​Vermaledeites Marketing-Neusprech

01. 12. 2021

Sprachwandel. Mal wieder eine Trouvaille aus dem Archiv. Im September 2013 war Schreiber Koller noch Redaktor beim «Willisauer Bote». Damals kam ihm die Ehre zu, eine «Carte Blanche» zu verfassen, als der Böttu erstmals in neuem Kleid erschein. Dazu zog er ordentlich vom Leder und lästerte über Marketing-Neusprech.

Und heute? Sprache lebt, Sprache wandelt sich; (gewisse) Menschen werden offener. Besagtes Grünzeug hat es dem Schreiber mittlerweile regelrecht angetan. Anglizismen lösen bei ihm immerhin keinen Brechreiz mehr aus. Und ja: den einen oder anderen hat er auch schon selber in Texte eingebaut. Die Liebe zur verspielten Sprache indes, die ist geblieben. 

Lauch und andere Unwörter

Jetzt ist es offiziell. Auch in der behäbigen Schreibstube am Viehmarkt 1 sind sie angekommen, die Marketing-Unwörter. Wir, die wir die elegante Sprache hochhalten, schon mal einen herrlich veralteten Begriff einfliessen lassen und mitunter einen aus unserer Mundart. Auch uns hat dieses Mödali erreicht.

Mit der heutigen Ausgabe ist dem «Böttu» ein «sanfter Relaunch» widerfahren – ein gelungener, notabene. Ich weiss nicht, wie es Ihnen geht. Aber ich stolpere jedes Mal über diese Aneinanderreihung von Buchstaben und baue im Kopf unwillkürlich einen Relauch zusammen. So ein Chabis! Als Kind konnte ich Lauch nicht ausstehen, heute verschmähe ich ihn etwas weniger. Ob meine Abneigung gegenüber neudeutschen Wörtern dereinst ebenso abnimmt? Ich wage es zu bezweifeln.
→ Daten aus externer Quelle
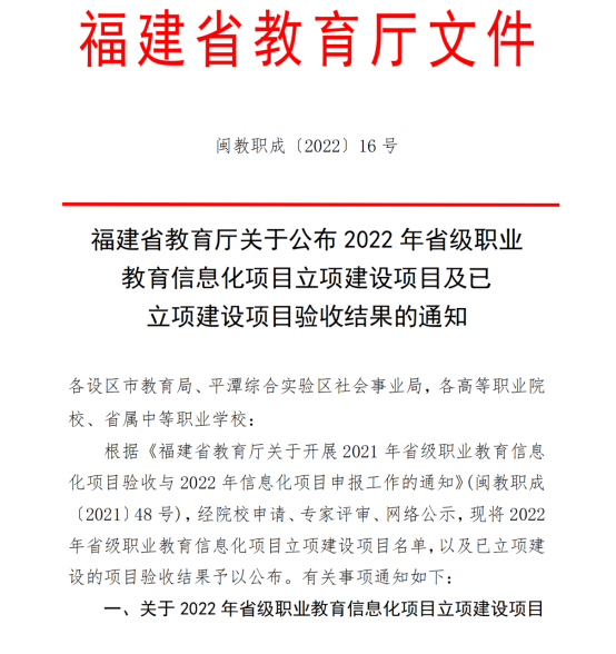 近日,福建省教育廳公布2022年省級(jí)職業(yè)教育信息化項(xiàng)目立項(xiàng)建設(shè)項(xiàng)目名單和已立項(xiàng)建設(shè)項(xiàng)目驗(yàn)收結(jié)果,我校5個(gè)項(xiàng)目獲批立項(xiàng),3個(gè)項(xiàng)目通過驗(yàn)收。

Vermaledeite Modeausdrücke! Auch im Hinterland ist längst jede Hondsverlochete ein Event, jedes noch so kleine Budali hat einen CEO. Anglizismen verunstalten unsere Sprache. Weitere Beispiele gefällig? Ein Branding hat nichts mit der Feuerwehr zu tun, sondern mit dem Aufbau einer Marke. Ein Eyecatcher ist kein Werkzeug zum Öffnen des sonntäglichen Dreiminuteneis. Vielmehr etwas, das dem Betrachter ins Auge springen soll. 

Als wir den Wettbewerb für das neue Gewand unserer Zeitung ausschrieben, führte dies zu Pitches. Bahnhof? Pitch ist die Kurzform von Pitching. Immer noch Railway-Station? Ein Pitching ist die Präsentation von Kampagnenstrategien und Layouts einer Werbeagentur vor Kunden. In einer solchen Agentur arbeitet vielleicht ein Junior-Back-Office-Agent. Was der macht? Ich will es gar nicht wissen! Auch nicht, ob er vor dem Briefing zum Kickoff noch an einem Businesslunch mit dem Art Director war, oder ob dieses Timeout seinen Workflow zu sehr beeinträchtigt hätte.

Engstirnig? Ewiggestrig? Nicht doch! Sprache wandelt sich. Das war immer so und wird immer so sein. Aber jedem Gitzimischt sollten wir Schreiber vom Viehmarkt 1 trotzdem nicht nachrennen.